Assume H1: ordinal x1.
Assume H2: ordinal x2.
Let x3 of type ιο be given.
Let x4 of type ιο be given.
Let x5 of type ιο be given.
Assume H3: or (40dde.. x0 x3 x1 x4) (and (x0 = x1) (PNoEq_ x0 x3 x4)).
Assume H4: 35b9b.. x1 x4 x2 x5.
Apply H3 with 35b9b.. x0 x3 x2 x5 leaving 2 subgoals.
Assume H5: 40dde.. x0 x3 x1 x4.
Apply orIL with 40dde.. x0 x3 x2 x5, and (x0 = x2) (PNoEq_ x0 x3 x5).
Apply unknownprop_f27aa4f44dd3356cd94acc385318a128a0f6600b661fa984e48e2fd277a08f76 with x0, x1, x2, x3, x4, x5 leaving 5 subgoals.
The subproof is completed by applying H0.
The subproof is completed by applying H1.
The subproof is completed by applying H2.
The subproof is completed by applying H5.
The subproof is completed by applying H4.
Assume H5: and (x0 = x1) (PNoEq_ x0 x3 x4).
Apply H5 with 35b9b.. x0 x3 x2 x5.
Assume H6: x0 = x1.
Assume H7: PNoEq_ x0 x3 x4.
Apply H6 with λ x6 x7 . 35b9b.. x7 x3 x2 x5.
Claim L8: PNoEq_ x1 x3 x4
Apply H6 with λ x6 x7 . PNoEq_ x6 x3 x4.
The subproof is completed by applying H7.
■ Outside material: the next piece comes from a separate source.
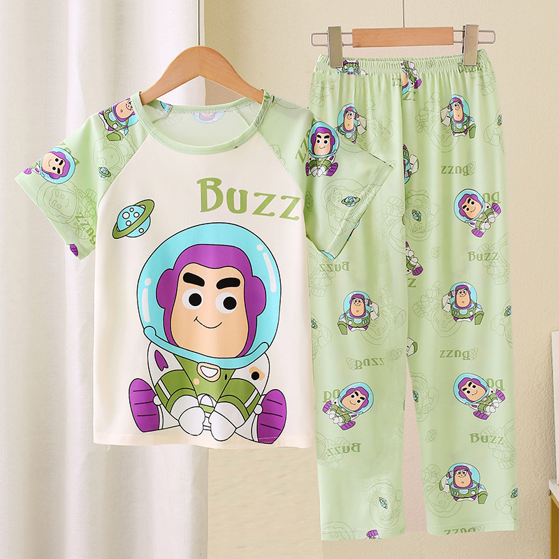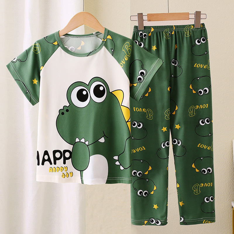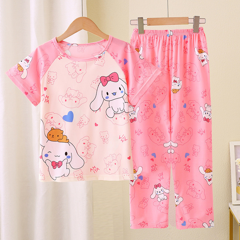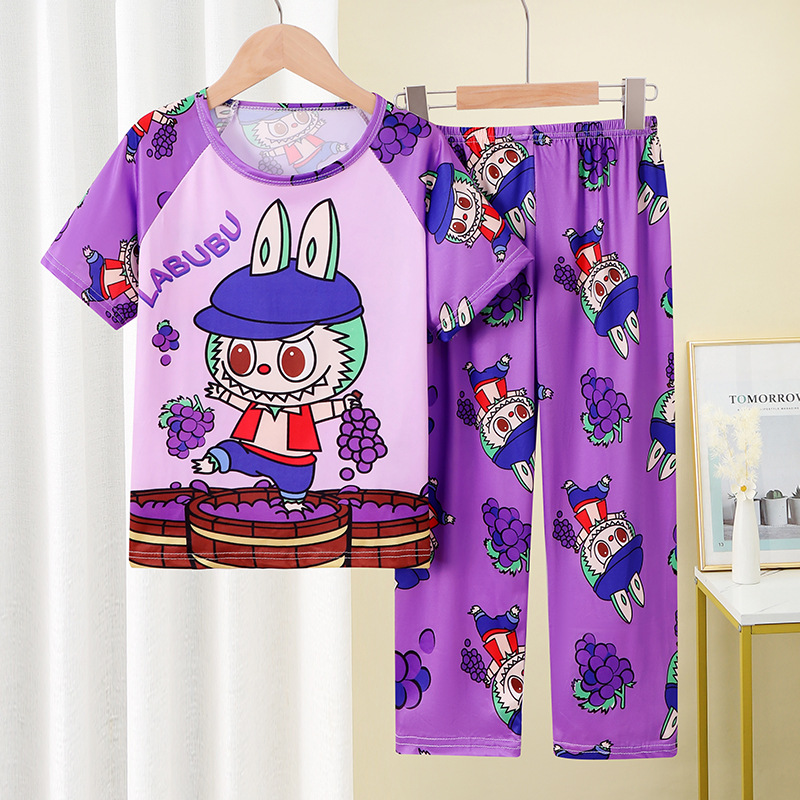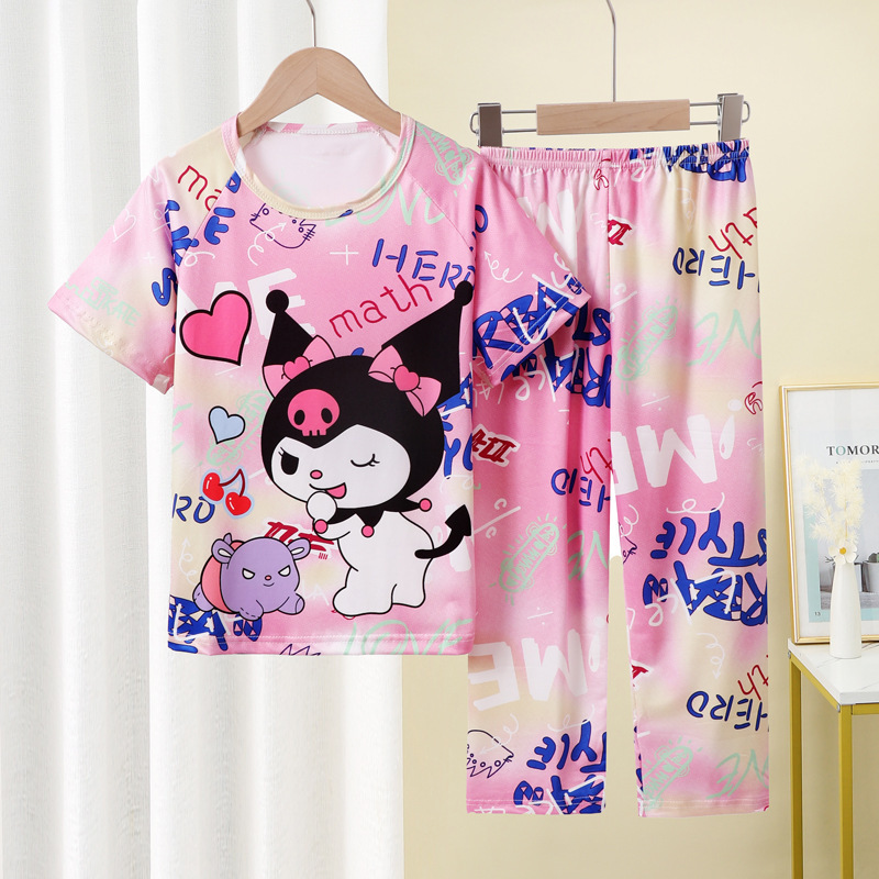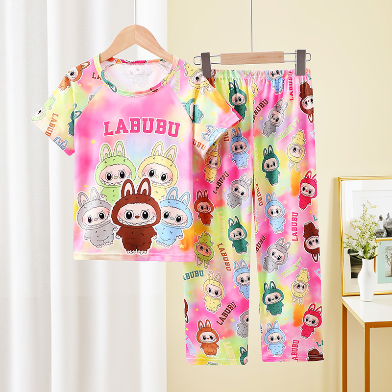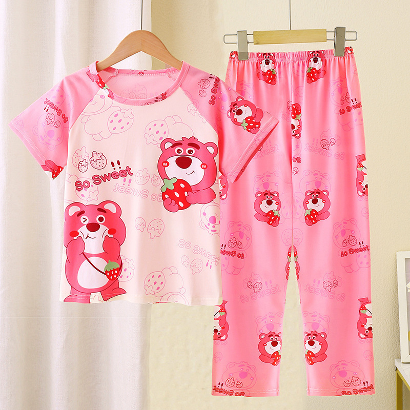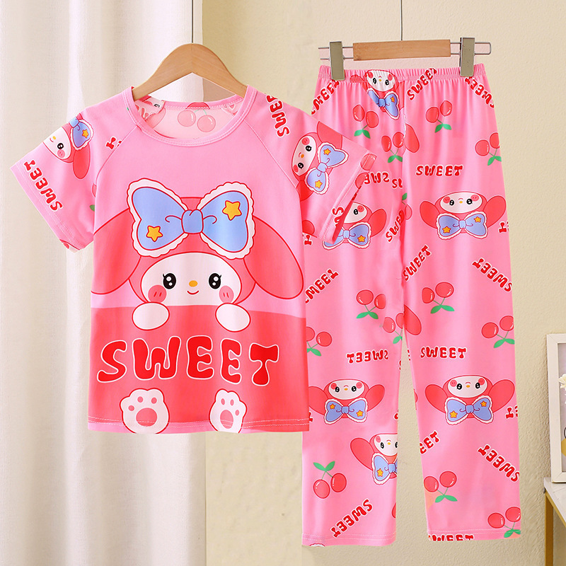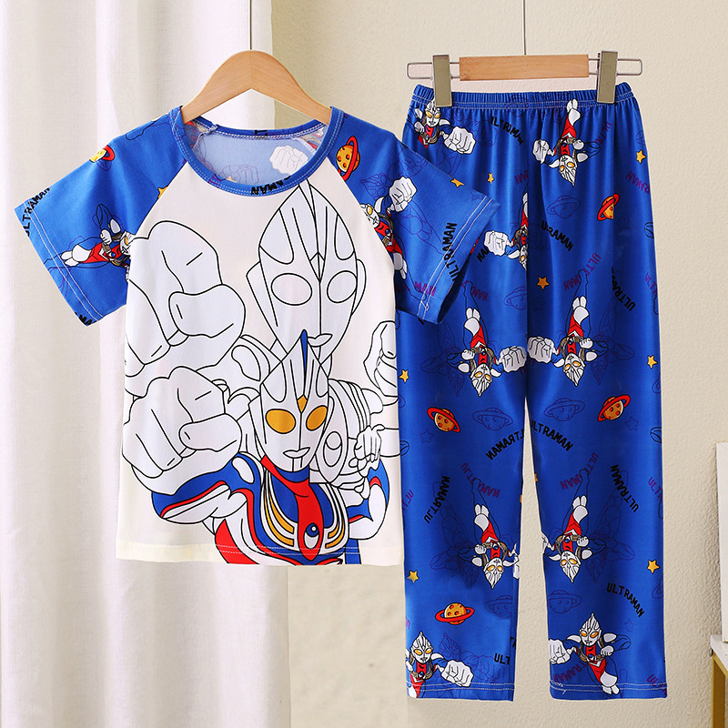 어린이 잠옷 소녀 여름 소년 반팔 바지 얇은 봄과 여름 소녀 만화 큰 어린이 홈 의류 세트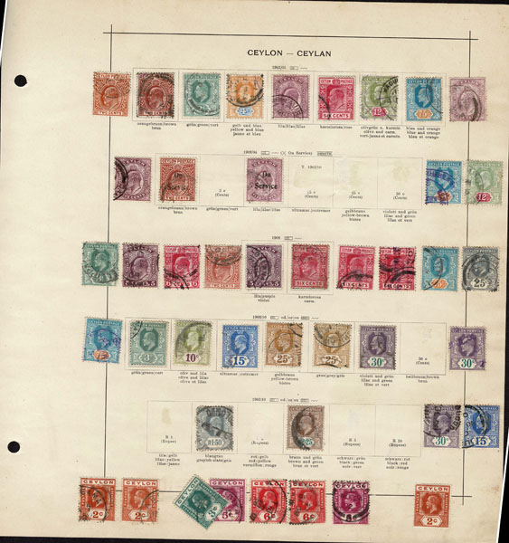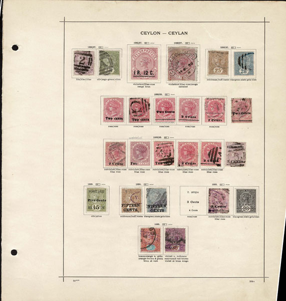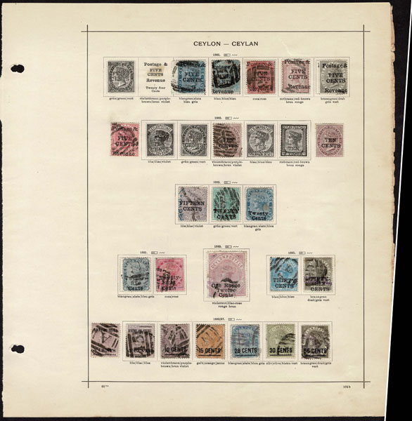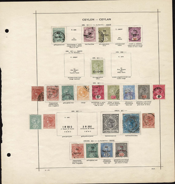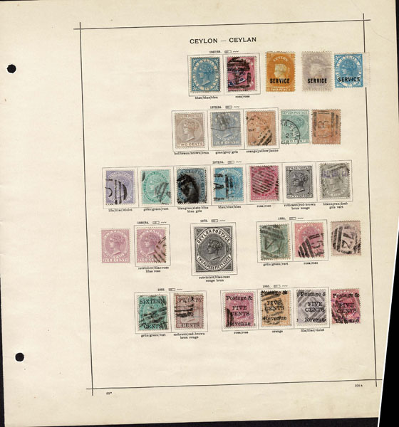 /O CEYLON: 1857 to 1910 Collection of 180 mostly used stamps on old time Schaubeck album pages ,few imperfs, good surcharges, some stuck down by old time hinges (should not affect used stamps) condition mixed but worth the effort to work the collection .

Apply unknownprop_d81166a516850c398272ee6d885342023555ef2970270537509bbcd7d13c1cf9 with x1, x2, x3, x4, x5 leaving 4 subgoals.
The subproof is completed by applying H1.
The subproof is completed by applying H2.
The subproof is completed by applying L8.
The subproof is completed by applying H4.